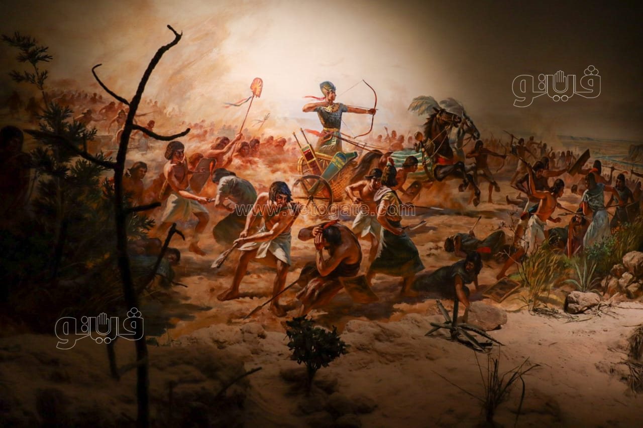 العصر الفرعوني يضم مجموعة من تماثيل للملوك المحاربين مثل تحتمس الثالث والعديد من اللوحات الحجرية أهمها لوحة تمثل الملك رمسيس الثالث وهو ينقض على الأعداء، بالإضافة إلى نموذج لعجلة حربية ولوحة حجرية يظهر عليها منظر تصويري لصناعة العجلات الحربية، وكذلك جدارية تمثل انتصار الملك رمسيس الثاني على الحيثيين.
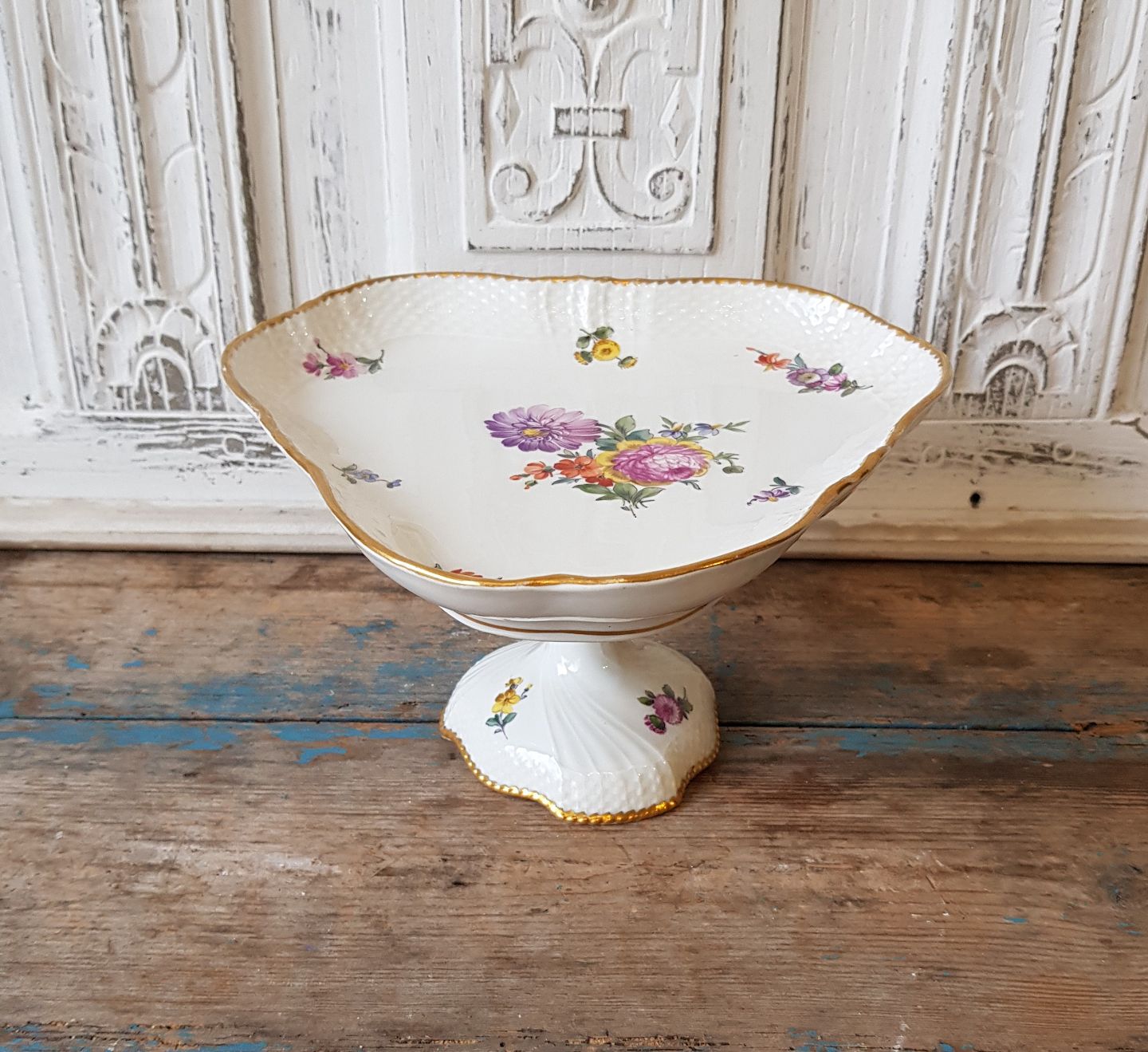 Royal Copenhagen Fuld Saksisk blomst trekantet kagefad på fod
==
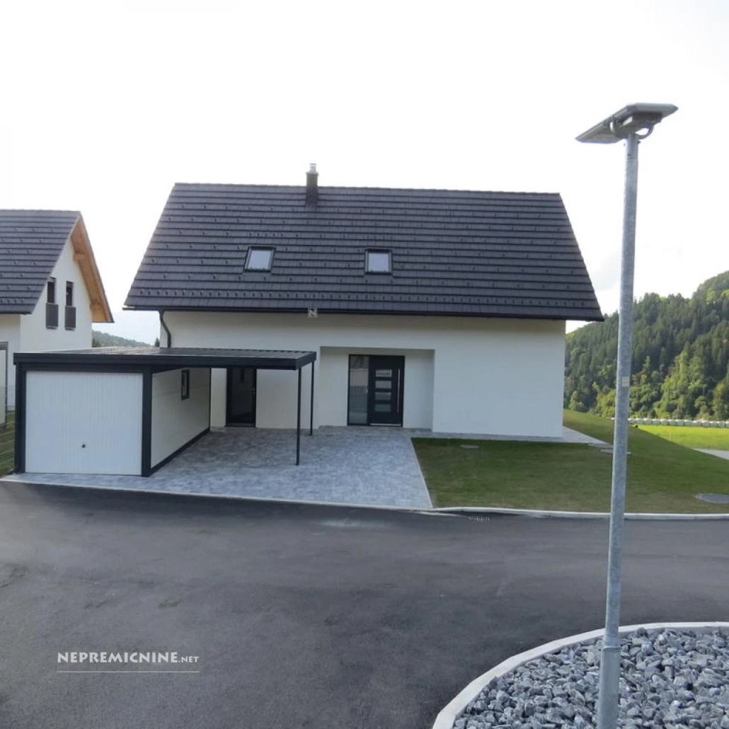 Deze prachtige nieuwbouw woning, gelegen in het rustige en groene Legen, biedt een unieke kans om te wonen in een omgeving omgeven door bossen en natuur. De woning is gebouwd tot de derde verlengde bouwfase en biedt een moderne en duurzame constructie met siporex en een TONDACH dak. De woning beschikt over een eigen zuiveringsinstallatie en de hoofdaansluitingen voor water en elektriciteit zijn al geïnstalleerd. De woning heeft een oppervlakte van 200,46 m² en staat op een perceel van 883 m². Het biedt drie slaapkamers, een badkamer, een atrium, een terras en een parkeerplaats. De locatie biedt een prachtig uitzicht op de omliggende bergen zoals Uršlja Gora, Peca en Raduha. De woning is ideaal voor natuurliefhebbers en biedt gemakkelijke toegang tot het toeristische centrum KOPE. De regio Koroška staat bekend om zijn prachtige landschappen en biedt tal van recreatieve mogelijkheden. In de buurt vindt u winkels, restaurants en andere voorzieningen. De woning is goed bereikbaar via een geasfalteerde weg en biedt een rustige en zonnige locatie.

**Directions for this task**. To complete this exercise, transcribe exactly the lines above from the one that holds "العصر الفرعوني يضم" through the one that holds "Royal Copenhagen Fuld". Pictures stay out.

**Result of the exercise**.
 العصر الفرعوني يضم مجموعة من تماثيل للملوك المحاربين مثل تحتمس الثالث والعديد من اللوحات الحجرية أهمها لوحة تمثل الملك رمسيس الثالث وهو ينقض على الأعداء، بالإضافة إلى نموذج لعجلة حربية ولوحة حجرية يظهر عليها منظر تصويري لصناعة العجلات الحربية، وكذلك جدارية تمثل انتصار الملك رمسيس الثاني على الحيثيين.
 Royal Copenhagen Fuld Saksisk blomst trekantet kagefad på fod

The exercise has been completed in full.